I'm expecting three days to implement the external raw data for
discontiguous arrays. Adding the file index to the B-tree is
quite trivial; adding the external file list message shouldn't
be too hard since the object header message class from wich this
message derives is fully implemented; and changing
H5F_istore_read
should be trivial. Most of the
time will be spent designing a way to cache Unix file
descriptors efficiently since the total number open files
allowed per process could be much smaller than the total number
of HDF5 files and external raw data files.

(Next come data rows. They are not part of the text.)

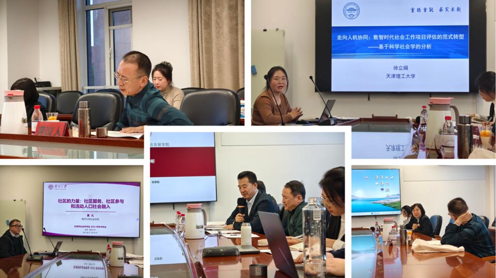 朱婷钰副教授、于佳煖博士,天津理工大学刘振副教授、硕士研究生庞淑睿、周晴、张怡、韩越,天津师范大学研究生董亚楠、张淑婷等,围绕人工智能伦理、生育意愿、贫困治理等议题展开研讨。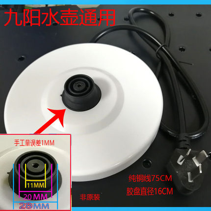 九阳电热水壶通用底座电烧开水煲电源座双圈白色胶盘带线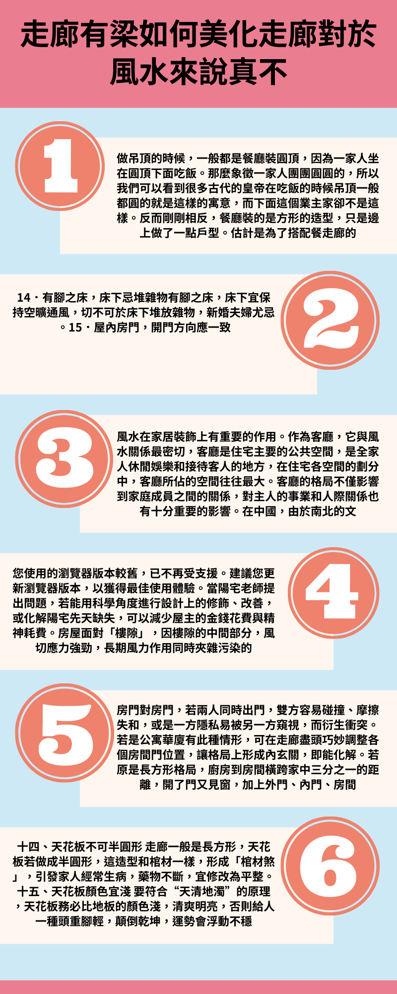 室內走廊內忌有橫樑外露,如果走廊內出現橫樑,會使人心理有壓迫感,家人會出現壓力,做事順利,宜做天花板掩飾、補平,可增加美觀。
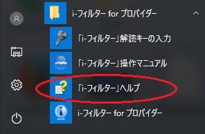 1. 「スタート」ボタンから「すべてのプログラム(P)」もしくはプログラム一覧から「i−フィルター for プロバイダー」−「i−フィルター for プロバイダー ヘルプ」をクリックしてください。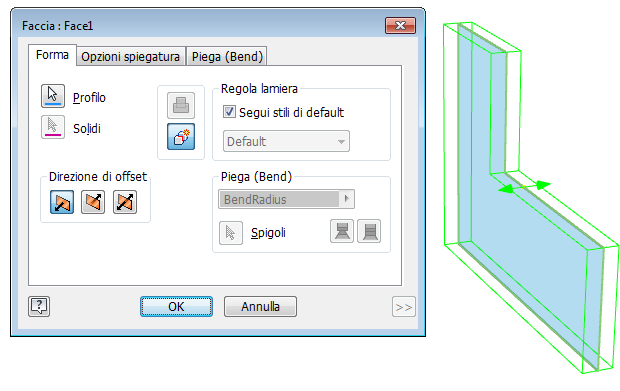 Molti hanno richiesto la possibilità di centrare la parte in lamiera lungo il suo spessore. La loro richiesta è stata ascoltata e il comando Faccia supporta ora l'estrusione dal piano medio per creare una faccia simmetrica.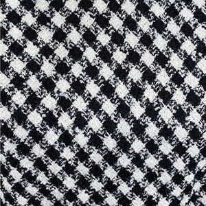 Made from wool tweed in a checked pattern. The design is complete with frayed detailing, short sleeves, and side pockets.

I'm expecting four days to implement being able to mount one
HDF5 file on another. I was originally planning a lot more, but
making haddr_t
opaque turned out to be much easier
than I planned (I did it last Fri). Most of the work will
probably be removing the redundant H5F_t arguments for lots of
functions.
The external raw data could be implemented as a single linear address space, but doing so would require one to allocate large enough file addresses throughout the file (>32bits) before the file was created. It would make mixing an HDF5 file family with external raw data, or external HDF5 wrapper around an HDF4 file a more difficult process. So I consider the implementation of external raw data files as a single HDF5 linear address space a kludge.
The ability to mount one HDF5 file on another might not be a very important feature especially since each HDF5 file must be a complete file by itself. It's not possible to stripe an array over multiple HDF5 files because the B-tree wouldn't be complete in any one file, so the only choice is to stripe the array across multiple raw data files and store the B-tree in the HDF5 file. On the other hand, it might be useful if one file contains some public data which can be mounted by other files (e.g., a mesh topology shared among collaborators and mounted by files that contain other fields defined on the mesh). Of course the applications can open the two files separately, but it might be more portable if we support it in the library.
So we're looking at about two weeks to implement all three versions. I didn't get a chance to do any of them in AIO although we had long-term plans for the first two with a possibility of the third. They'll be much easier to implement in HDF5 than AIO since I've been keeping these in mind from the start.